---
Debu masih beterbangan, angin gurun membawa sisa aroma perang. Matahari menggantung rendah di langit, cahayanya berkilau di bilah pedang yang belum sepenuhnya kering dari peluh perjuangan. Perang Khandaq baru saja berlalu, namun nafas lega itu belum sempat sepenuhnya dirasakan.
Di tengah ketenangan yang semu, Jibril datang menyampaikan wahyu kepada Rasulullah ﷺ. Pesan itu jelas dan tegas; segera menuju Bani Quraizhah. Mereka, kaum Yahudi yang pernah terikat perjanjian damai, telah mengkhianati dan berpaling, bersekongkol dengan musuh untuk mengguncang Madinah. Tidak ada waktu untuk bersantai, tidak ada ruang untuk ragu.
Rasulullah ﷺ memerintahkan pasukan untuk bergegas, suara beliau menggema, penuh ketegasan: "Janganlah salah seorang di antara kalian melaksanakan shalat Ashar kecuali di Bani Quraizhah." (HR. Bukhari)
Pasukan bergerak, derap kaki menyatu dengan suara angin, wajah-wajah yang masih lelah kembali tegang. Tetapi di tengah semangat yang membara, perintah itu menjadi tanya. Sebagian sahabat memahami dengan sangat tekstual. Mereka bertekad tidak akan shalat Ashar kecuali telah tiba di Bani Quraizhah, walau bayang senja hampir menyentuh cakrawala.
Namun, sebagian yang lain memahami dengan makna yang lebih luas. Bagi mereka, pesan itu adalah dorongan untuk bergegas, bukan larangan mutlak. Mereka berhenti sejenak di tengah perjalanan, menunaikan shalat Ashar agar tidak melewati waktunya, lalu kembali melanjutkan perjalanan dengan langkah yang tergesa.
Dan ketika kedua kelompok itu kembali dan kisah mereka sampai di hadapan Rasulullah ﷺ, beliau tidak mencela salah satu pun dari mereka. Tidak ada kemarahan, tidak ada teguran. Hanya senyum kebijaksanaan yang menghapus segala keraguan.
Dari kisah itu, tersingkap sebuah rahasia besar tentang ketulusan dan kebijaksanaan. Bahwa dalam satu perintah yang sama, ada keberanian untuk berbeda, namun tetap dalam harmoni. Ada yang memahami secara tekstual, melangkah tanpa jeda hingga batas waktu hampir terlewati. Ada pula yang memahami secara kontekstual, berhenti sejenak untuk menunaikan kewajiban, lalu melanjutkan perjalanan.

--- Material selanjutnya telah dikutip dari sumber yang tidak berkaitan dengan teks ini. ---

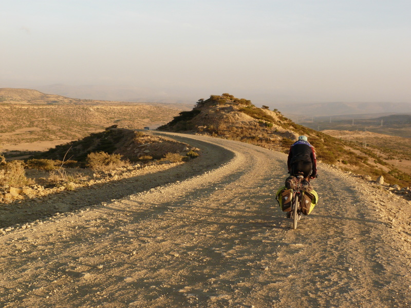 Nahoru – do výšky 3250 m n.m. jsme vyjeli přesně v 18 hod. To už teplota klesla na 13 °C a velmi rychle se stmívalo. Navíc začal foukat velmi chladný protivítr. Navlékli jsme na sebe co se dalo a rychle jeli dolů. Do první vesnice (v nadm výšce 2670 m n.m.) jsme přijeli už za úplné tmy. Rychle jsme našli ubytování za 15 birr (24 Kč), ale pak začal kluk smlouvat, že to myslel na osobu a ne za pokoj. Tak jsme mu řekli že ano, ale že každý bude mít svoji místnost. A najednou to bylo zase 15 birr, což vůbec nechápu, protože celá řada místností k pronájmu zela prázdnotou a hoch si mohl přijít zcela bezpracně na dvojnásobek.
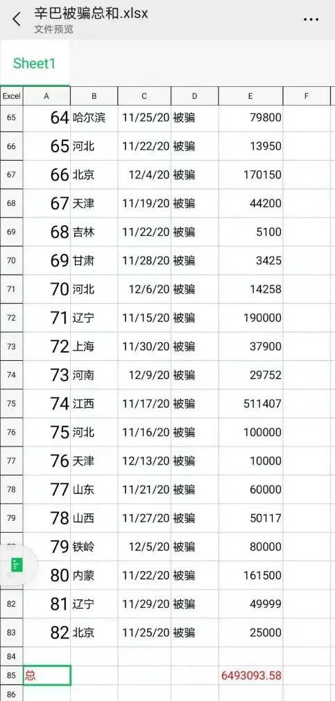 《财经》新媒体了解到,像王可一样的受害者在网络平台交流后,专门建立了微信群进行信息统计。截至12月25日,仅群里被骗人数就已经达82人,被骗金额合计高达649.31万元。
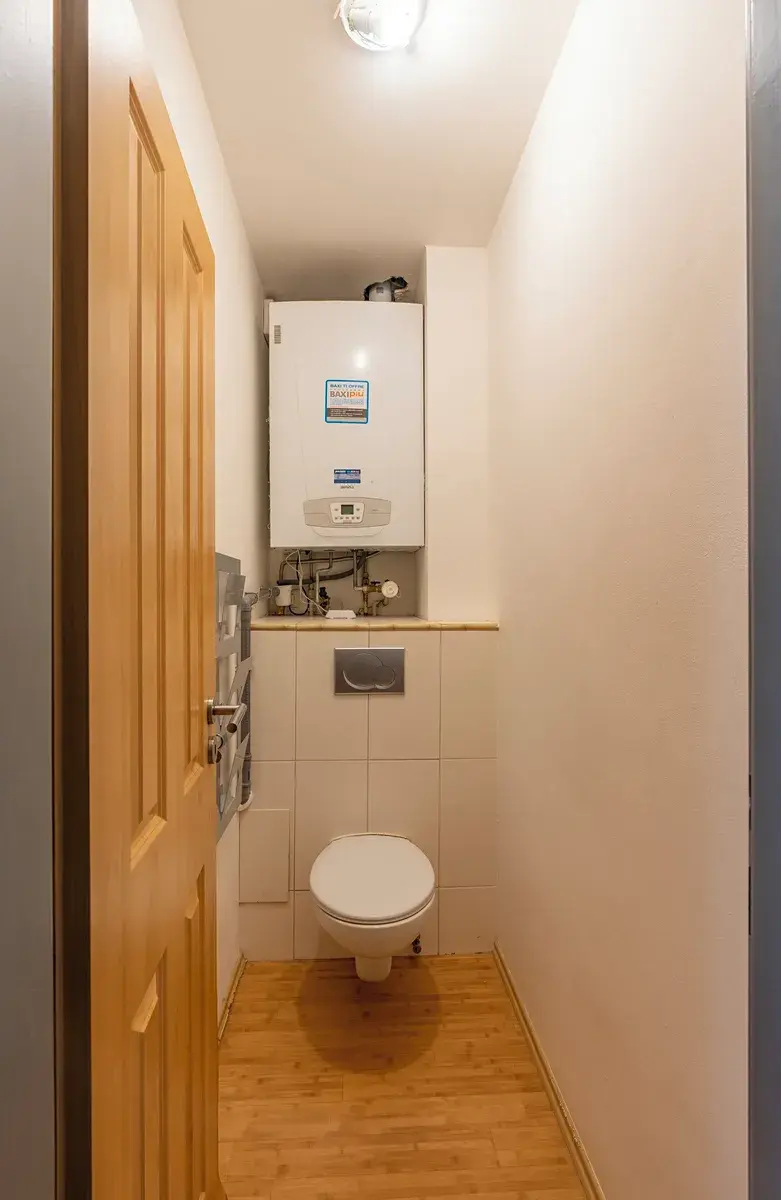 Vytápění vlastním kotlem. Podlahy marmoleum.
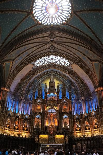 モントリオール旧市街地のほぼ中心部にあるノートルダム大聖堂。パリの同名大聖堂と同じく、内部はとても美しいステンドグラスが特徴的です。一見の価値ありです。(というか主要な観光スポットはここ位なものだったりする)
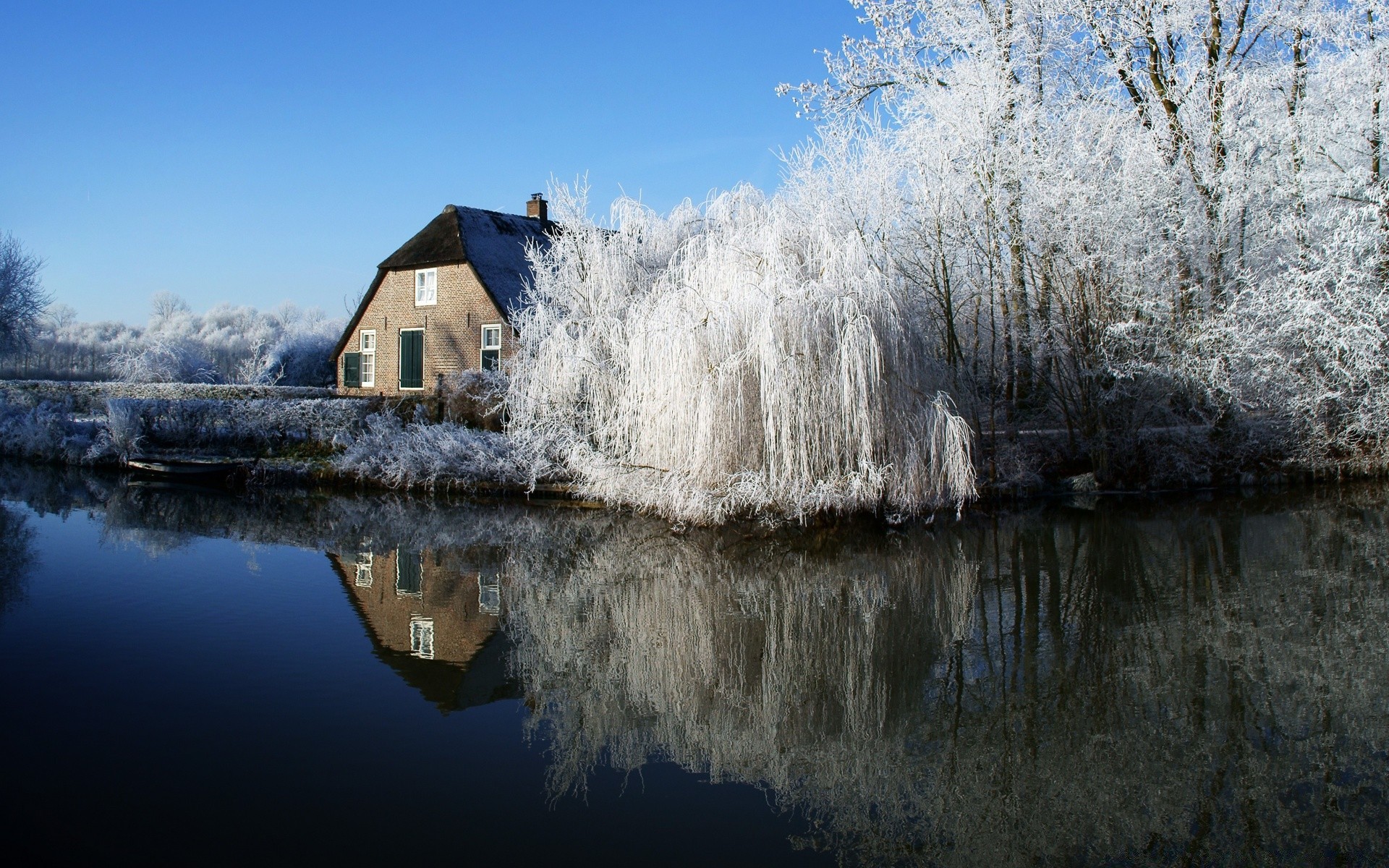 Kış aylarında karla kaplı, yukarı doğru kapanan ağaçlar
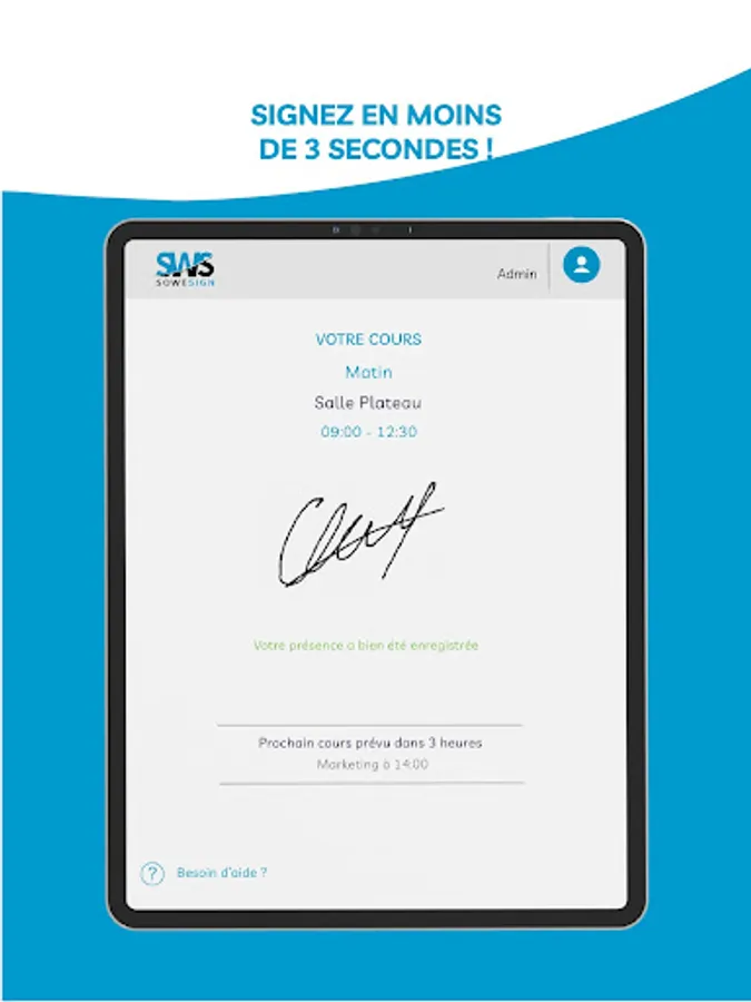 Once the tag has been detected, the application authorizes you to sign in via the signature pad provided for this purpose.
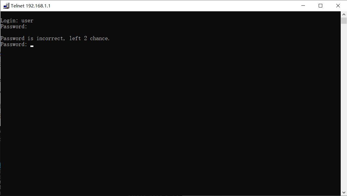 【开始】→【右键】→【运行】→执行【telnet 192.168.1.1】命令,输入光猫背面自带的用户名即可,密码随意,窗口暂时不要关闭,完成操作后如下图。
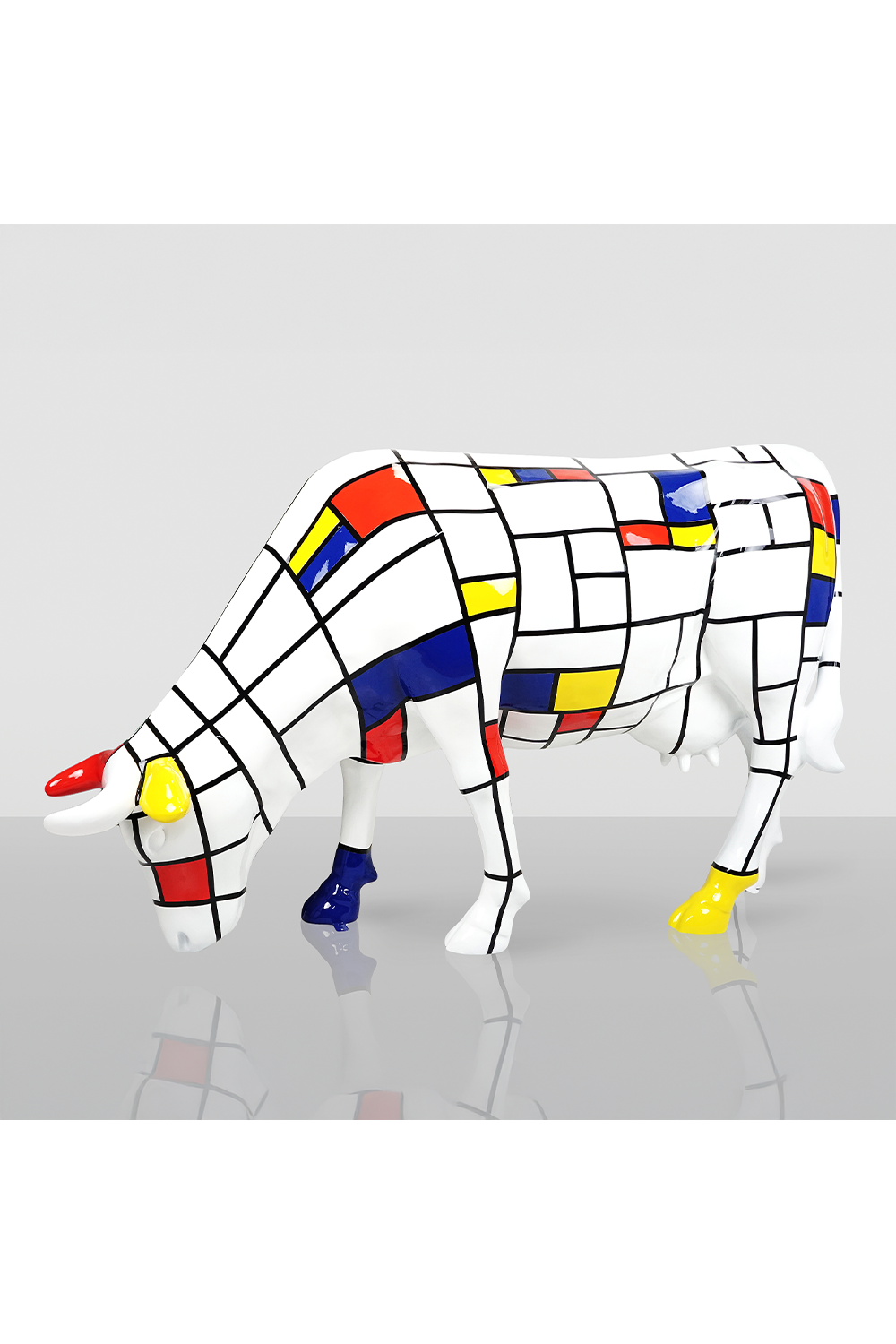 Large Hand-Painted Cow Sculpture – Mondrian Motif
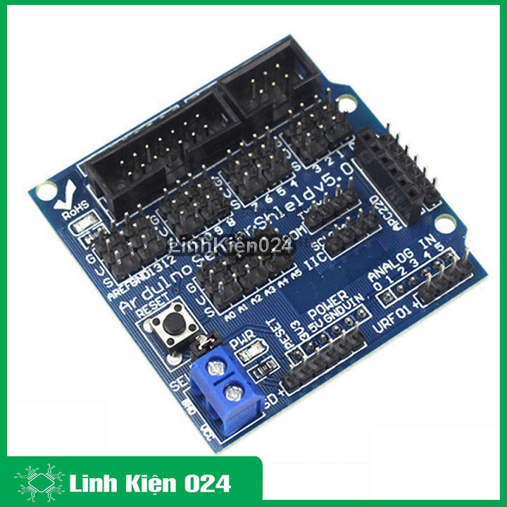 Shield Cảm Biến Arduino UnoArduino Sensor Shield Uno được sử dụng với Arduino Uno hoặc các phiên bản Arduino có cùng kiểu chân và kích thước như Arduino Uno, có tính năng như một đế ra chân các chuẩn giao tiếp Digital, Analog, UART, I2C, LCD,...giúp bạn dễ dàng kết nối các module, cảm biến để thực hiện nhiều chức năng khác nhau. Chúng ta có thể xây dựng các dự án về điện tử một cách dễ dàng nhờ kết nối tương thích với Arduino với các ngõ digital, analog, giao tiếp I2C và UART. Mỗi module có một ngõ cấp nguồn riêng cho thiết bị ngoại vi khi kết nối với shield. Dễ dàng điều khiển các thiết bị như động cơ rc servo, cảm biến vật cản,...
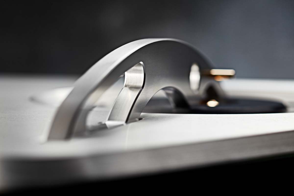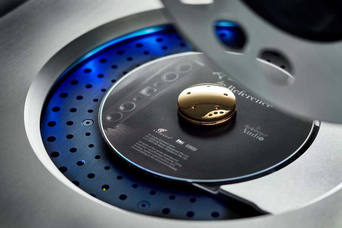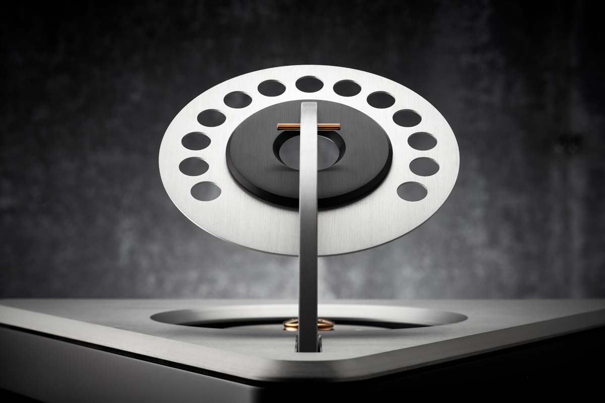 Während ich dem Quintett entspannt lausche, kann ich Ihnen noch ein paar technische Eckpunkte mit auf den Weg geben. Das dreieckige Gehäuse findet aufgrund seiner Standardbreite von 48 Zentimetern so gut wie auf jedem Rack Platz. Dort kann der CD-Spieler mithilfe der beiliegenden Dosenlibelle und den drei höhenverstellbaren Füßen schnell „ins Wasser gestellt“ werden. Den beiliegenden runden Untersetzer aus Leder platziere ich auf der massiven, 4 Millimeter dicken Aluminiumplatte, um hier beim Wechsel des Mediums den magnetischen Puck ablegen zu können. Dieser fixiert die CD im Abspielbetrieb auf der Spindel des Stream-Unlimited-Laufwerks (CD-Pro8 S-Transport). Damit spielt der Gryphon ausschließlich CDs im Red-Book-Standard ab, SACD oder andere Disc-Formate sind dem Dänen fremd, und sie spielen ehrlich gesagt ja auch kaum eine Rolle. Allerdings – auch gebrannte CDs laufen nicht immer problemlos.

Namun apa yang terlihat sebagai perbedaan, sejatinya adalah warna-warni pemahaman yang dibingkai oleh satu tujuan; taat kepada Rasulullah ﷺ. Tak ada pertikaian yang muncul, tak ada cemoohan yang terucap. Ketika mereka kembali dan menyampaikan perbedaan itu, Rasulullah ﷺ mendengarkan, tersenyum, dan tak mencela. Sebab di balik perbedaan itu ada ketulusan, ada upaya memahami kehendak sang Nabi, ada cinta kepada Allah dan Rasul-Nya.
Di sinilah letak kebesaran hati yang sejati. Bahwa perbedaan bukanlah dinding yang memisahkan, tetapi jendela yang mengajarkan kita untuk memahami dari sudut pandang yang lain. Sebagaimana para sahabat yang berbeda pendapat namun tetap berpelukan sebagai saudara.
Hidup adalah perjalanan panjang dengan beragam persimpangan. Kadang kita harus memilih antara jalan yang tampak benar dan jalan yang terasa benar. Kadang, kita harus menerima bahwa ada kebenaran yang lebih dari satu. Dan ketika ada yang berbeda dengan kita, bukan berarti mereka salah. Bisa jadi mereka juga sedang berjalan menuju cahaya yang sama, hanya dari sudut yang berbeda.
Kisah ini bukan sekadar sejarah, tetapi cermin. Cermin bagi kita yang sering terperangkap dalam perdebatan tanpa ujung, yang lupa bahwa cinta dan ketulusan jauh lebih mulia daripada sekadar memenangkan argumen.